Since $c_0 = 12$, $c_1 = 12$, and $c_2 = 11$, we have
$c_0 k \equiv N \pmod{3}, \quad c_1 k \equiv N \pmod{3}, \quad c_2 k \equiv N \pmod{3}.$
Subtracting the first two congruences gives $0 \equiv 0 \pmod{3}$, which is trivial. Subtracting the first and third congruences gives
$12 k - 11 k = k \equiv 0 \pmod{3}.$
Thus $3$ divides $k$, consistent with the initial double-counting.

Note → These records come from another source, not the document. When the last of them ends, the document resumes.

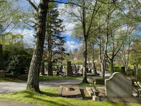 Vi blev guidade till små, stora och udda gravar. och fick information om personer och släkter som spelat stor roll för Sverige och Göteborg.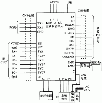 圖3為主軸驅(qū)動(dòng)系統(tǒng)的連接電路。MDS-A-SPJA系列主軸驅(qū)動(dòng)器上共有9個(gè)強(qiáng)電接線端子和3個(gè)信號(hào)電纜插座CN1,CN2,CN3。9個(gè)強(qiáng)電接線端子分別為:AC 220V三相電源進(jìn)線R,S,T,...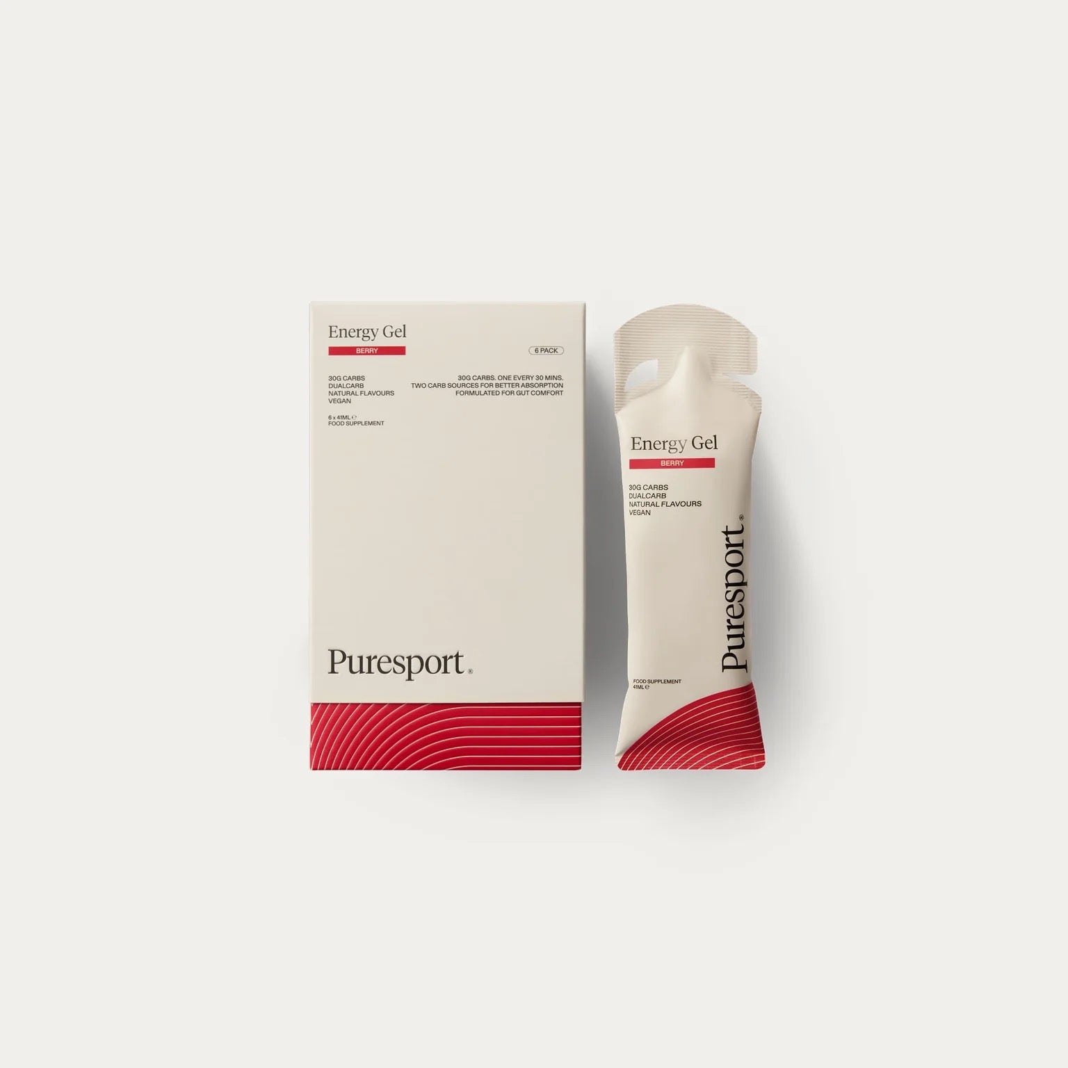 We've run the numbers for you. One gel, every 30 minutes. Puresport’s Berry Energy Gel is designed for runners and endurance athletes who want simple, effective fuelling. Each gel delivers 30g of DualCarb™ energy in a precise 1:0.8 glucose-to-fructose ratio, supporting sustained performance and reducing gut discomfort. The light berry flavour is refreshing, easy to take mid-run, and made with natural ingredients to help you fuel smarter, train stronger, and recover faster, every 30 minutes. Available in 6-pack, 12-pack and 24-pack sizes.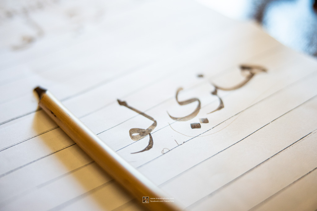 當中最有趣的當然是老師安排我們如何用炭加蜜糖製成墨水,然後用處理過的竹支去親手寫阿拉伯字。 最後他還幫我寫了「旅.攝」和我的名字的阿拉伯文 ,很有紀念價值呢。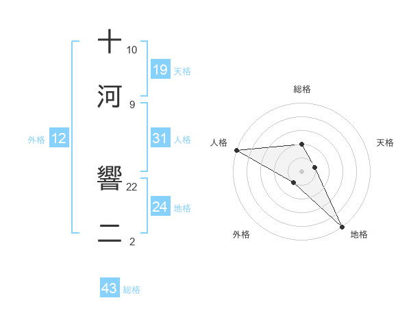 十河 響二さんの総格は43画の2点!
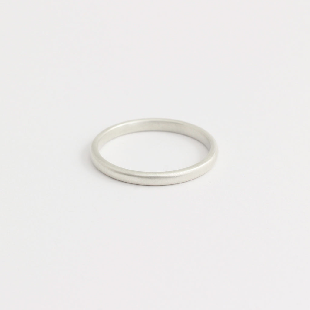 With a rounded outside and lightly curved inside, this ring is super comfy. It's 2mm wide and 1.5mm thick.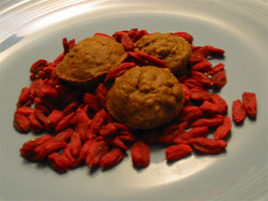 Organic Cakes: Goji Berry Hemp *High In Antioxidants Yummy organic goji berry hempseed treats in the shape of little cupcakes. Like all of our Cakes these yummy organic treats are in the shape of little cupcakes and are made to order. They make a wonderful gift!. Ingredients: Organic Oat Flour, Organic Oat Bran, Organic Goji Berries, Organic Apples AND/OR Organic Unsweetened Apple Sauce, Organic Hempseeds, Organic Peanut Butter (no hydrogenated oils), Organic Free Range Chicken Eggs, Local Honey, Aluminum Free Baking Soda, Organic Pure Vanilla Extract |

Next, from $3N = 35 k$, we see that $N = \frac{35 k}{3}$. Since $3$ divides $k$, write $k = 3m$, giving $N = 35 m$. Each L-tromino contributes exactly one cell of each color, so $N \equiv m \cdot 35 \equiv 2 m \pmod{3}$. On the other hand, $N \equiv c_r k \equiv 12 \cdot 3 m \equiv 0 \pmod{3}$ for the color $0$, and $N \equiv 11 \cdot 3 m \equiv 0 \pmod{3}$ for the color $2$. Therefore $2 m \equiv 0 \pmod{3}$, implying $3$ divides $m$, so $m = 3 m_1$. Hence $k = 3 m = 9 m_1$ and $N = 35 m = 105 m_1$.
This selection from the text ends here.